Giuliani Enrico, Melegari Gabriele, Carrieri Francesca, Barbieri Alberto
Department of Biomedical, Metabolic and Neurosciences, University of Modena and Reggio Emilia, Modena, Italy.
Department of Anesthesia and Intensive Care, AOU Policlinico, Modena, Italy.
J Eval Clin Pract. 2020 Apr;26(2):520-523. doi: 10.1111/jep.13300. Epub 2019 Oct 29.

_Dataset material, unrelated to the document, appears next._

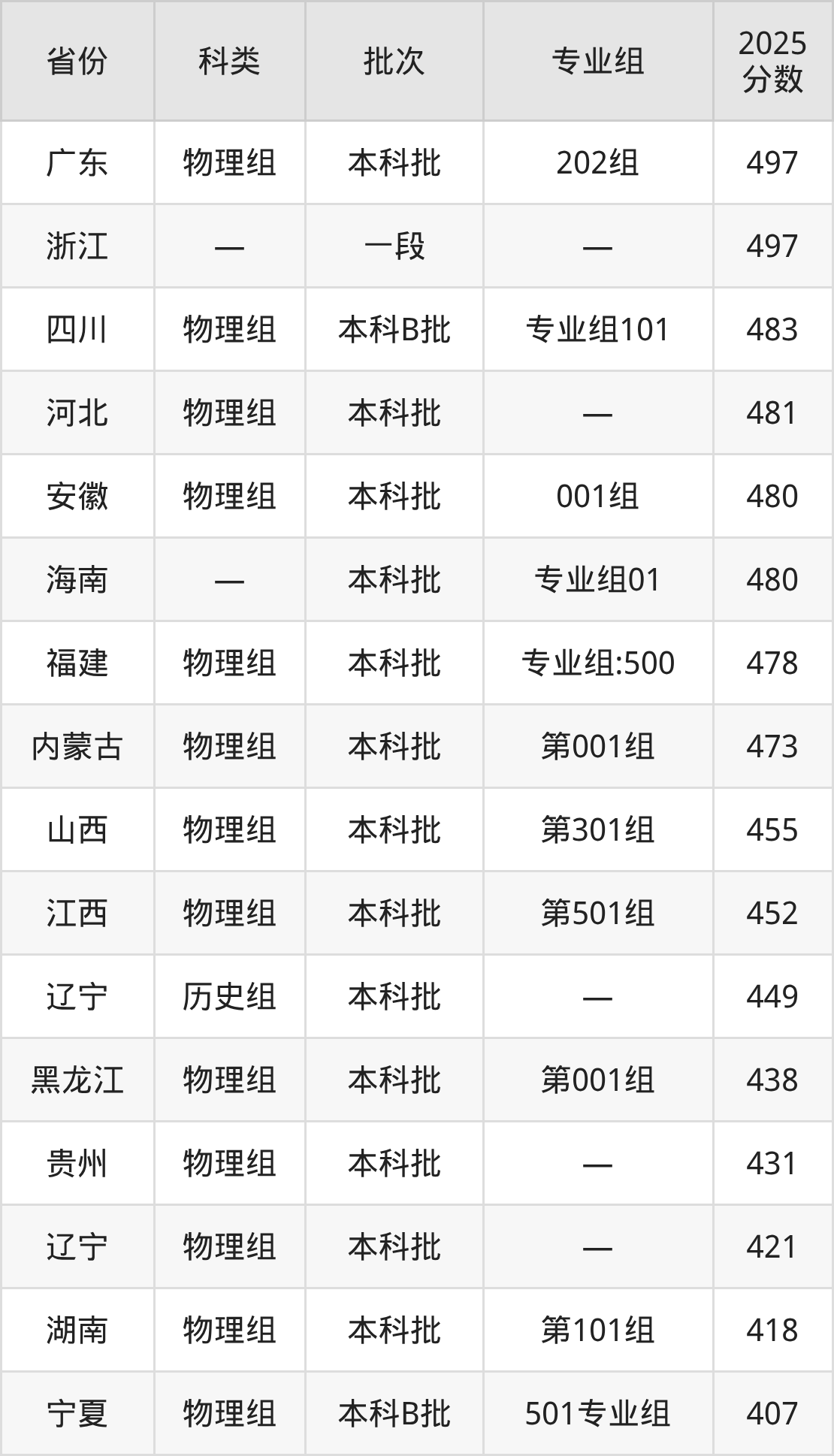 而广东地区物理组考生的分数门槛最高,2025年辽宁中医药大学杏林学院202组在广东招生最低分为497分,考生至少要超本科线61分才有可能被录取。

In shared decision making, health care professionals and patients collaborate in making health-related choices. This process is based on autonomy and constitutes one to the elements of patient-centered care. However, there are situations where shared decision making is more difficult, if not impossible, due to barriers, which may be related to language, culture, education, or mental capacity and external factors like the state of emergency or the availability of alternative sources of information.

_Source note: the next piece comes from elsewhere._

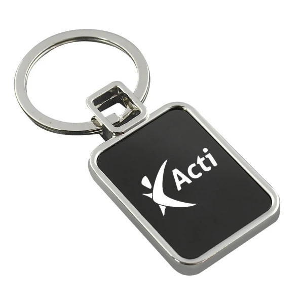 Llavero metálico con marco plateado e interior negro. De 3×4 cm.

The aim of this paper is to identify some of the main obstacles to the adoption of shared decision making in an intensive and critical care scenario and discuss potential ways to facilitate its implementation.
We conducted a literature review on shared decision making from the perspective of intensive and critical care specialists.
Although the health care context is complex and the variety of situation that can arise makes it impossible to prepare professionals for every occurrence, shared decision making process should be structured at an organization level, engaging health care professionals, experts of communication, and patient representatives coming from different cultural backgrounds, languages, and education to assemble for all the main procedures, where shared decision making is involved, the specific information packages health care professionals will use in order to guide them through the process and ensuring all patients receive a comparable level of engagement. Shared decision making should not become a hindrance for the health care professional but on the contrary a way to strengthen their relationship with the patient.
The implementation of the shared decision making approach at an organization-wide level improves its quality and effectiveness.
在共同决策中,医疗保健专业人员和患者共同协作做出与健康相关的选择。这一过程基于自主性,是患者为中心的医疗的要素之一。然而,在某些情况下,由于语言、文化、教育或心智能力等障碍以及诸如紧急状态或替代信息来源的可用性等外部因素,共同决策即使并非不可能,也会更加困难。
本文旨在识别重症和危重症护理场景中采用共同决策的一些主要障碍,并探讨促进其实施的潜在方法。
我们从重症和危重症护理专家的角度对共同决策进行了文献综述。
尽管医疗保健环境复杂,可能出现的情况多种多样,使得专业人员无法为每种情况做好准备,但共同决策过程应在组织层面进行构建,让来自不同文化背景、语言和教育程度的医疗保健专业人员、沟通专家和患者代表参与所有涉及共同决策的主要程序,准备好医疗保健专业人员将使用的特定信息包,以指导他们完成这一过程,并确保所有患者都能获得相当程度的参与。共同决策不应成为医疗保健专业人员的障碍,相反,应成为加强他们与患者关系的一种方式。
在全组织范围内实施共同决策方法可提高其质量和有效性。